それはパソコンにパスワードがかかっており、
パスワードが分からなくなってしまったので起動できない状態である。
パスワードを解除してもらえないか。というものです。
結論から言いますと、80〜90%程の確率で解除できます。
また解除できない場合でも、マイドキュメント内のデータ等はほぼサルベージできます。
しかしながら、この問い合わせには「当方ではパスワード解除はできない」と伝えました。

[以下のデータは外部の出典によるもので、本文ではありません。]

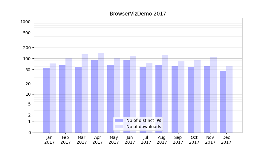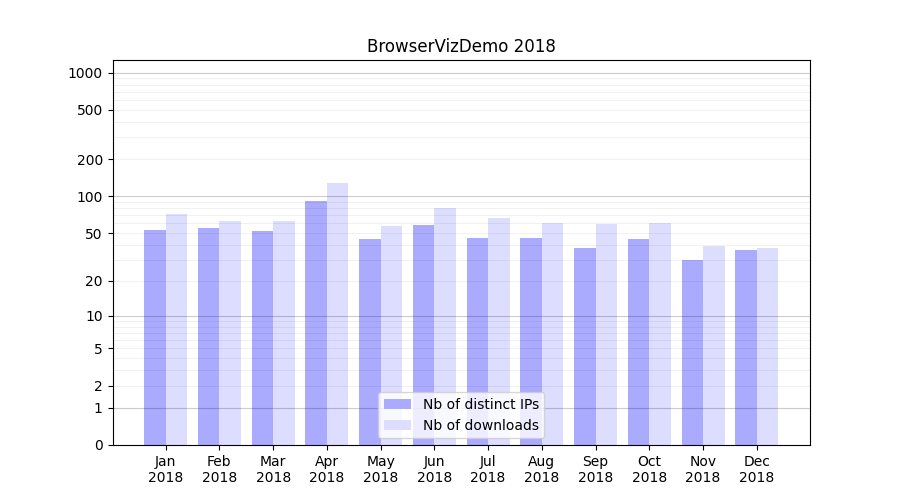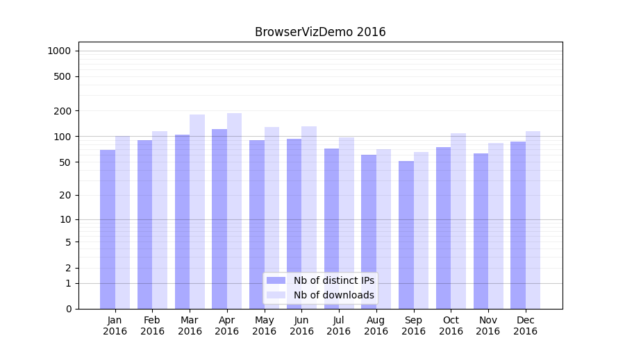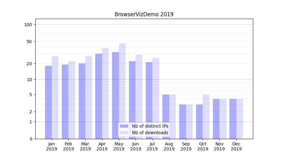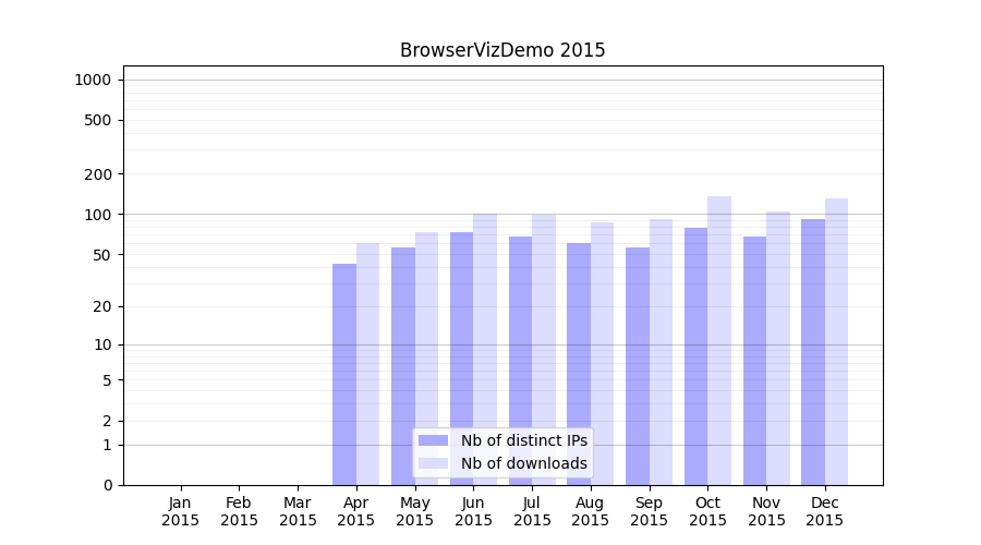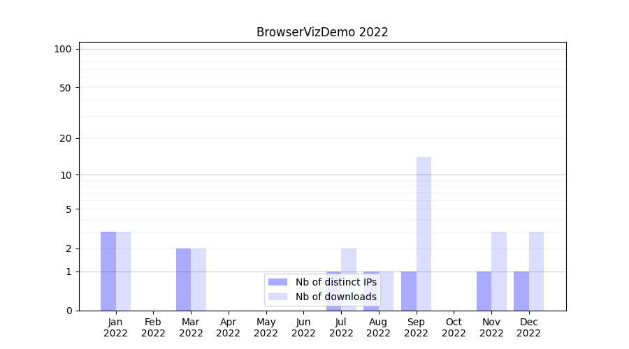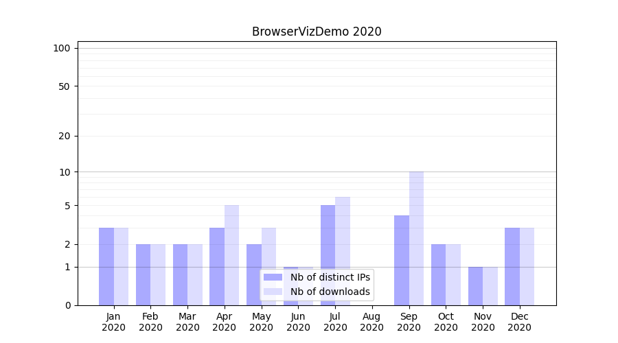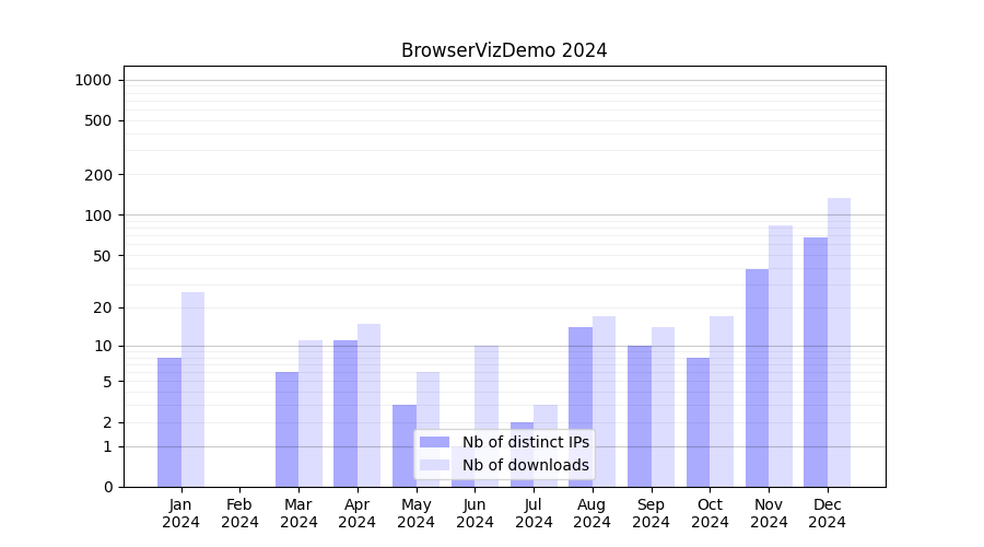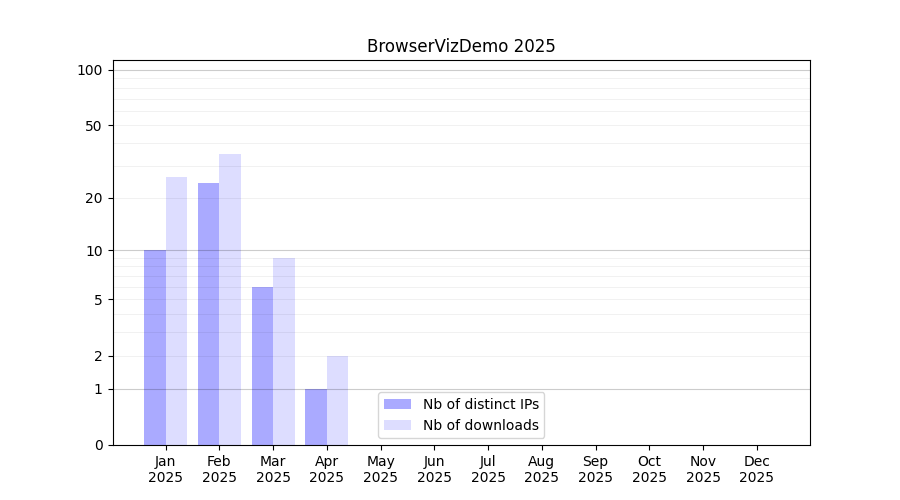 Number of downloads for software package BrowserVizDemo, year by year, from 2025 back to 2014 (years with no downloads are omitted):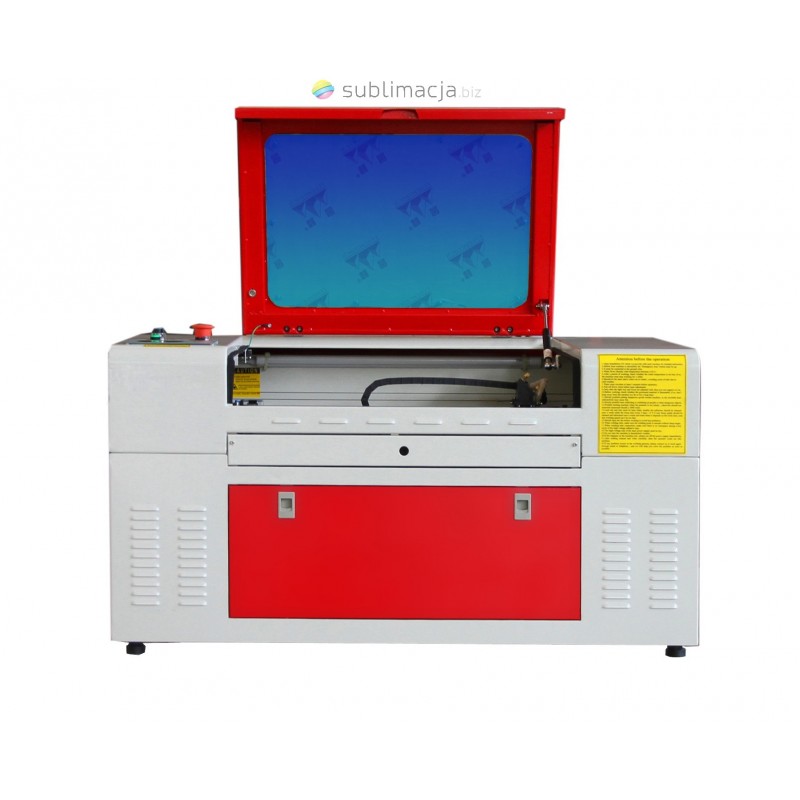 Kompresor Air Assist, Red dot pointer – czerwona plamka, wyciąg spalin, aluminiowy stół roboczy dwustronny (cięcie – grawerowanie) typu nożowego lub typu plaster miodu, zapasowy element optyczny, chłodzenie cieczą w obiegu zamkniętym, okulary ochronne |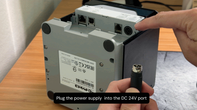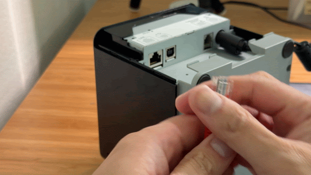 - Lastly, if you are using a cash drawer with the printer, please connect the provided cable from the cash drawer to the receipt printer as shown.
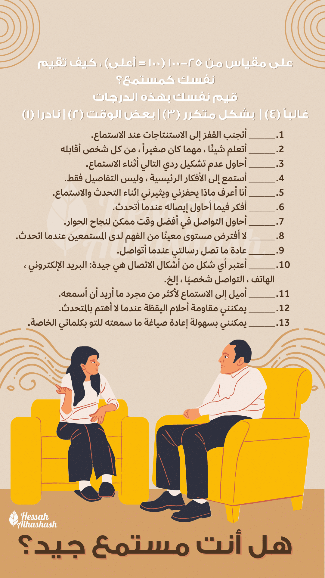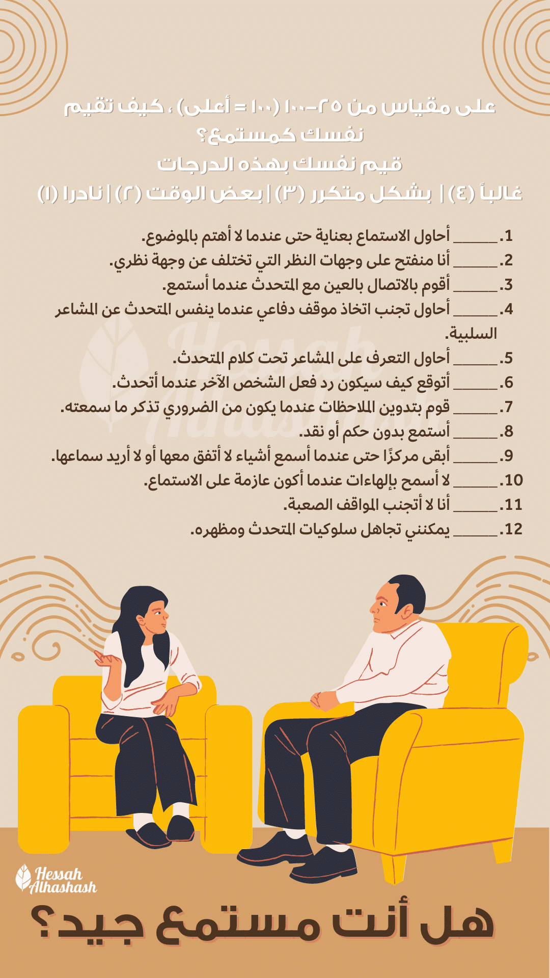 - 75-100 = أنت مستمع ممتاز ومتواصل. استمر.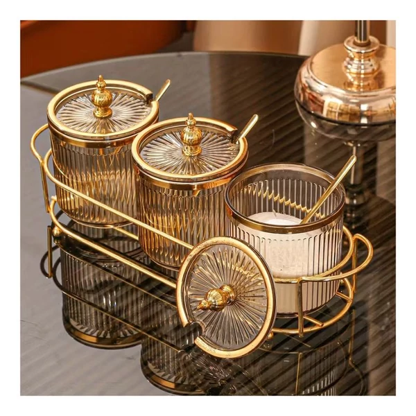 Dobja fel konyhája megjelenését ezzel az elegáns fűszertartó készlettel! Az üveg fűszertartók fedővel és kanállal érkeznek, valamint egy praktikus fémállvány tartja őket rendezett formában. Ideális só, cukor, fűszerek vagy egyéb ízesítők tárolására.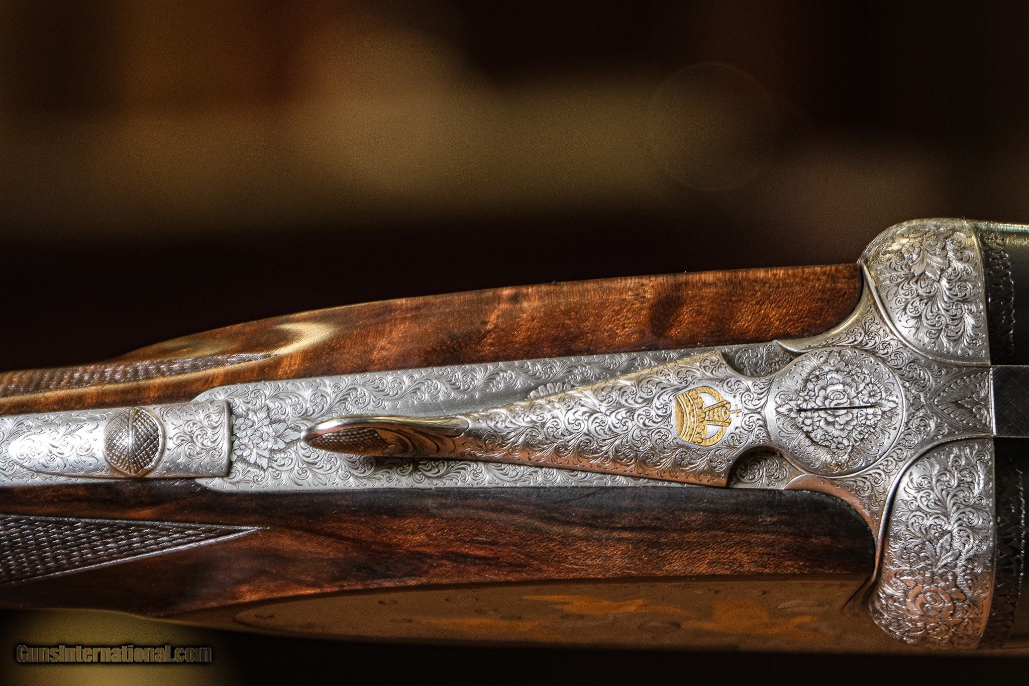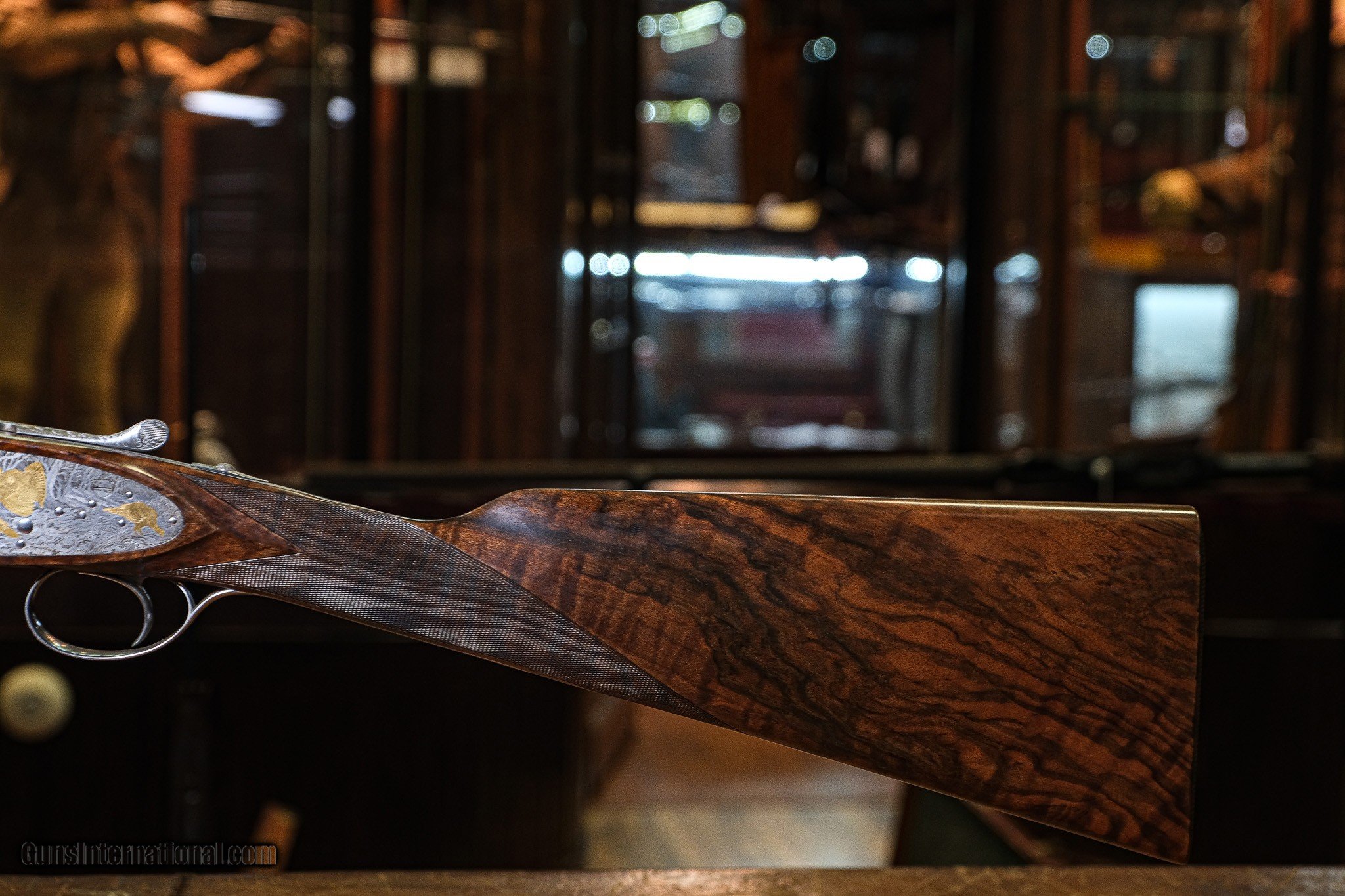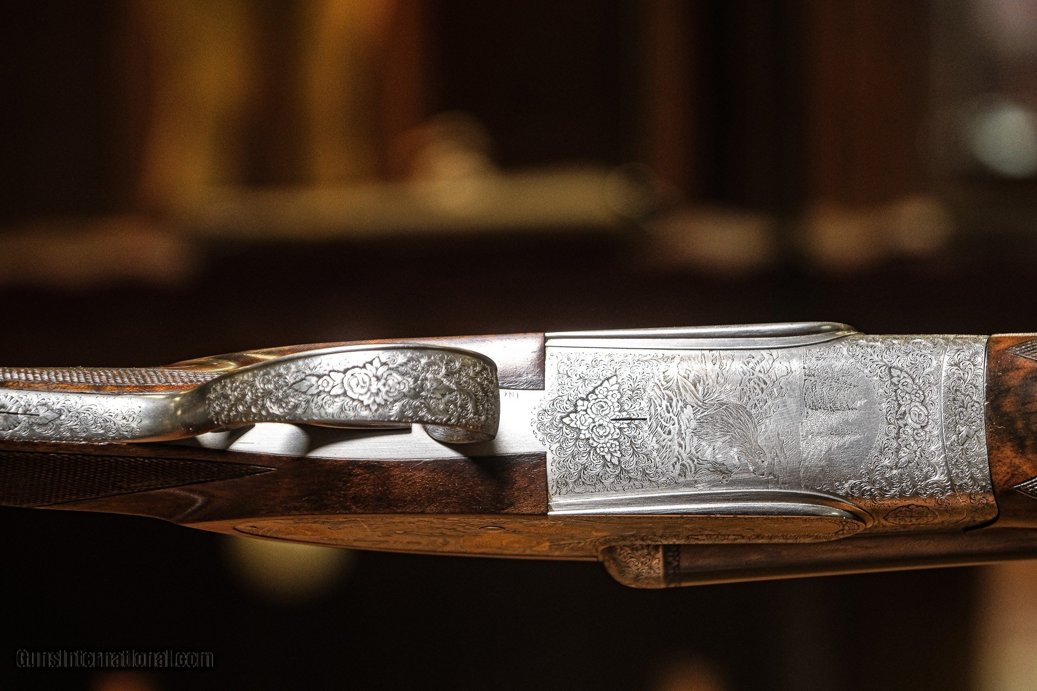 Description: Piotti - King EELL, Full Sidelock, SxS, Engraved By Master Silvano Venzi, 20ga. 26" Barrels Choked 0.025/0.028. Engraved by Master Silvano Venzi. Made in 1983. 26” barrels, chokes are 0.025 & 0.028. Single band engraving on breech. 2 ¾” chamber automatic ejector. This is the highest grade full sidelock with very special American game scene engraving. An extreme high detail is a game line turkey with two hens, on the left side a trio of gold inlayed grouse flying over a field. On the bottom of the frame, is a lifelike depiction of a scene on the stream with a beavertail. All surrounded by the most beautiful game scene background with scroll engraving to the highest order. A gold crown on the top lever, diamond grip, special grip highest grade piece that Piotti could provide. Fine line checkering, checkered butt, single trigger, beavertail forend. Raised cross hatch rib. This gun is simply wonderful in every possible way and is built to the highest order. In its leather takedown case with stock covers. Available at a fraction of what the engraving would cost. No disappointments, just one of the nicest guns you can purchase. Comes with makers case with label and key. Gun is virtually new and is unfired. One of the finest guns in our collection, make an offer. Inv: 87161 5 lbs. 12 oz. 14 5/16" x 1 7/6" x 2 3/16" $37,995.00 SOLD |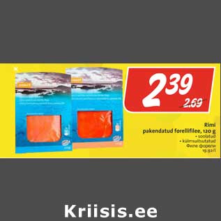 Период кампании: 17.09.2014 - 29.09.2014 Цена: 2.39€ Филе форелиRimi pakendatud forellifilee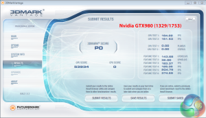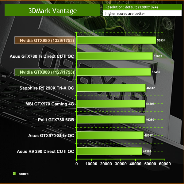The Nvidia GTX980 at reference clock speeds is slightly outperformed in this older Direct X 10 benchmark by the overclocked GTX780 ti. When we overclock the GTX980 to 1,329mhz it moves way out in front – a good indication of what is possible when Nvidia partners release their custom overclocked solutions.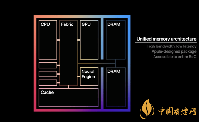 它與iPhone和iPad里面的蘋果芯片非常相似,只是功能更強(qiáng)大。它利用了蘋果公司的統(tǒng)一內(nèi)存架構(gòu)(UMA),這意味著全部?jī)?nèi)存(DRAM)與需要訪問內(nèi)存的各種部件(比方說CPU、GPU、圖像處理器以及神經(jīng)引擎)都是在同一塊芯片上。其結(jié)果是,整塊芯片都可以訪問數(shù)據(jù),而不需要在不同部件之間復(fù)制數(shù)據(jù),也不需要進(jìn)行互連。對(duì)內(nèi)存的訪問有著極低的時(shí)延與極高的帶寬。其結(jié)果是更低功耗、更好性能。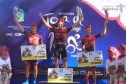 Pebalap sepeda Marcus Culey (tengah) bersama Zenovich Mathew (kiri) dan Dyball Benjamin (kanan) dari ST George Continental Cycling Team, menerima hadiah setelah menjuarai International Tour de Banyuwangi Ijen (ITDBI) di Banyuwangi, Jawa Timur, Rabu (26/9/2018). Pada etape pertama ITDBI tiga pebalap Australia dari ST George Continental Cycling Team menjadi yang tercepat, sementara Best Indonesian Riders diraih Selamat Juangga dari KFC Cycling Team. ANTARA FOTO/Budi Candra Setya/wsj.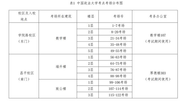 我校考點考場分布在學(xué)院路校區(qū)教學(xué)樓及昌平校區(qū)端升樓、致公樓(具體分布見表1)。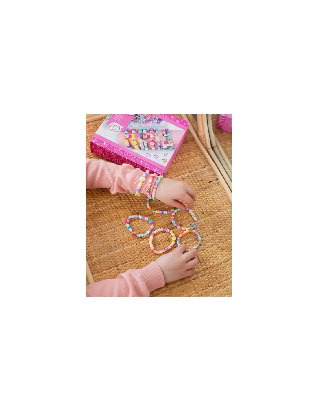 Grâce à ce joli coffret, votre enfant pourra créer jusqu’à 9 bracelets Kawaï. Présenté dans une jolie boîte façon coffret cadeau, ce kit contient tout ce qu’il faut pour laisser libre cours à sa créativité : un assortiment de perles colorées, acidulées et dorées, ainsi que du fil élastique facile à manipuler pour un ajustement parfait.
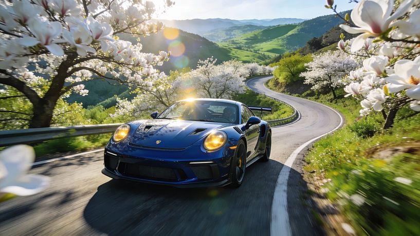 The Porsche 911 GT3. Its sleek lines, aggressive splitter and iconic rear wing cut through the air. Intense sunlight creates sharp shadows on the muscular bodywork. Perfect grip, pure precision-breathtaking high-performance photography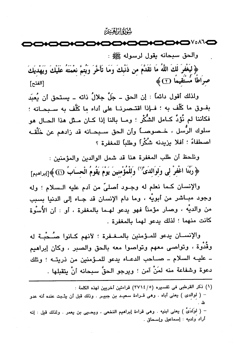 {رَبَّنَا اغفر لِي وَلِوَالِدَيَّ وَلِلْمُؤْمِنِينَ يَوْمَ يَقُومُ الحساب} [إبراهيم: 41] .

稀にある問い合わせなのですが、このスタンスを今後も変える事はありません。
理由は簡単です。
トラブルになる可能性があるからです。
本人の持ち物ではないかもしれません。
それは例えご家族の物であったとしても、
見られたくないのでパスワードをかけている訳です。
もしデータを他人に見られたり、勝手にパソコンを扱われてしまえば、
持ち主は憤慨するでしょう。
その作業を行った者としても、その代償は大きなものになってしまいます。
家族の方が持ち込みされれば本人確認も無意味になってしまいます。
今から数年前に、ある初老の男性が同じように
パソコンを持ち込みされて、
「娘のパソコンなのだけれどもパスワードを解除してくれないか」とおっしゃいました。
私はいつものように解除できない理由を丁寧に説明をして、断りました。
それから1年程たったある日。
その初老の男性が再度来店されました。
最初はまったく気づかなかったのですが、
話しているうちに前回お断りした方である事が分かったのです。
またこのとき、そのパソコンは亡くなった娘さんの物である事が分かりました。
そして中のデータにこだわっている訳ではなく、
「パソコンを習い始めたので、
娘が以前使っていたこのパソコンを使いたい」とおっしゃるのです。
少し葛藤しましたが、私は「リカバリ作業であればできます。
その折にデータ等が復旧できればリカバリ後に戻します」と伝えました。
ハードウェアリカバリを実行する前にLinuxPCでデータを取り出しました。
いつもはサルベージ中のデータはなるべく開かない、
見ないようにしているのですが、
データの数があまりにも少なかったので、
その時は偶然目にしてしまいました。数枚の写真データとかわいらしい壁紙。
それから歌詞データ数個でした。
リカバリ後に壁紙をサルベージした物に変え、
データを戻して作業を終えました。
今でもこの作業は行って良かったのかどうかよく悩みます。
作業はできませんが、今は「Ophcrack」というフリーソフトがあり、
個人でも簡単に起動時のパスワード解析ができます。
100%解析できるわけではありませんが、
かなりの高確率で分かるようです。
このソフトウェアを使っても解析できないパスワードは
強固なものなので、そういった使い方にも良いのではないでしょうか。
Ophcrack公式ダウンロードページ
http://ophcrack.sourceforge.net/download.php
上記サイトの対応したOSのisoイメージをダウンロードして
CDにライティングすれば利用できます。